2.8.36  何ごとにつけても、 見まさりはかたき世なめるを、つらき人しもこそと、あはれにおぼえたまふ人の御心ざまなる。
 どのような事柄につけても、見勝りがするのは難しいのが世の常のようなのに、冷たい人にかえって、お心が惹かれなさるご性質の方なのである。
  Nani-goto ni tuke te mo, mi-masari ha kataki yo na' meru wo turaki hito si mo koso to, ahare ni oboye tamahu mi-kokoro-zama naru.
2.8.37  「 つれなながら、さるべき折々のあはれを過ぐしたまはぬ、これこそ、かたみに情けも見果つべきわざなれ。なほ、ゆゑづきよしづきて、人目に見ゆばかりなるは、あまりの難も出で来けり。 対の姫君を、さは生ほし立てじ」と思す。「 つれづれにて恋しと思ふらむかし」と、忘るる折なけれど、ただ女親なき子を、置きたらむ心地して、見ぬほど、うしろめたく、「 いかが思ふらむ」とおぼえぬぞ、心やすきわざなりける。
 「すげないお扱いながらも、しかるべき時節折々の情趣はお見逃しなさらない、こういう間柄こそ、お互いに情愛を最後まで交わし合うことができるものだ。やはり、教養があり風流好みで、人目にも付くくらいなのは、よけいな欠点も出て来るものだ。対の姫君を、決してそのようには育てまい」とお考えになる。「所在なく恋しく思っていることだろう」と、お忘れになることはないが、まるで母親のない子を、一人残して来ているような気がして、会わない間は、気がかりで、「どのように嫉妬しているだろうか」と心配がないのは、気楽なことであった。

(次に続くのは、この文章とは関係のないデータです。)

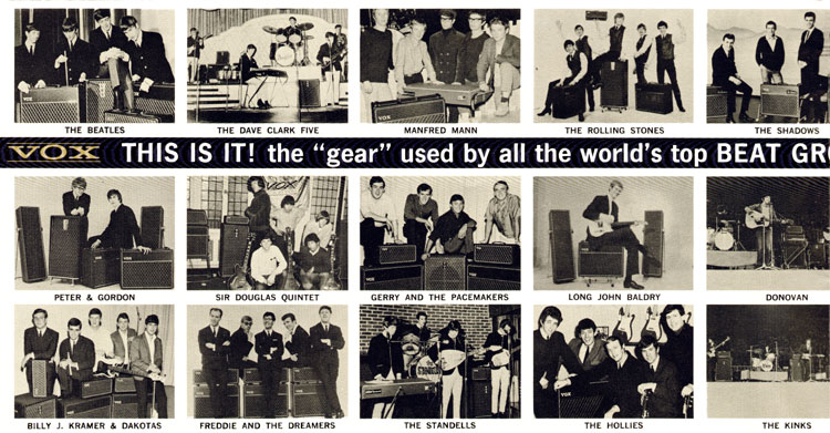 The list of Vox endorsers was pretty much a who's who of mid sixties British (and a few American) musicians. On this page: The Beatles, Dave Clark Five, Manfred Man, The Rolling Stones, The Shadows, Peter & Gordon, Sir Douglas Quintet, Gerry and the Pacemakers, Long John Baldry, Donovan, Billy J Kramer and the Dakotas, The Standells, Freddie and the Dreamers, The Hollies and The Kinks.

  "Turena nagara, saru-beki wori-wori no ahare wo sugusi tamaha nu, kore koso, katami ni nasake mo mi-hatu beki waza nare. Naho, yuwe-duki yosi-duki te, hito-me ni miyu bakari naru ha, amari no nan mo ide-ki keri. Tai-no-Himegimi wo, sa ha ohosi-tate zi." to obosu. "Ture-dure ni te kohi si to omohu ram kasi." to, wasururu wori nakere do, tada me-oya naki ko wo, oki tara m kokoti si te, mi nu hodo, usiro-metaku, "Ikaga omohu ram?" to oboye nu zo, kokoro-yasuki waza nari keru.
2.8.38  暮れ果てぬれば、大殿油近く参らせたまひて、 さるべき限りの人びと、御前にて物語などせさせたまふ。
 日がすっかり暮れたので、大殿油を近くに燈させなさって、しかるべき女房たちばかり、御前で話などをおさせになる。
  Kure-hate nure ba, ohotonabura tikaku mawira se tamahi te, saru-beki kagiiri no hito-bito, o-mahe ni te monogatari nado se sase tamahu.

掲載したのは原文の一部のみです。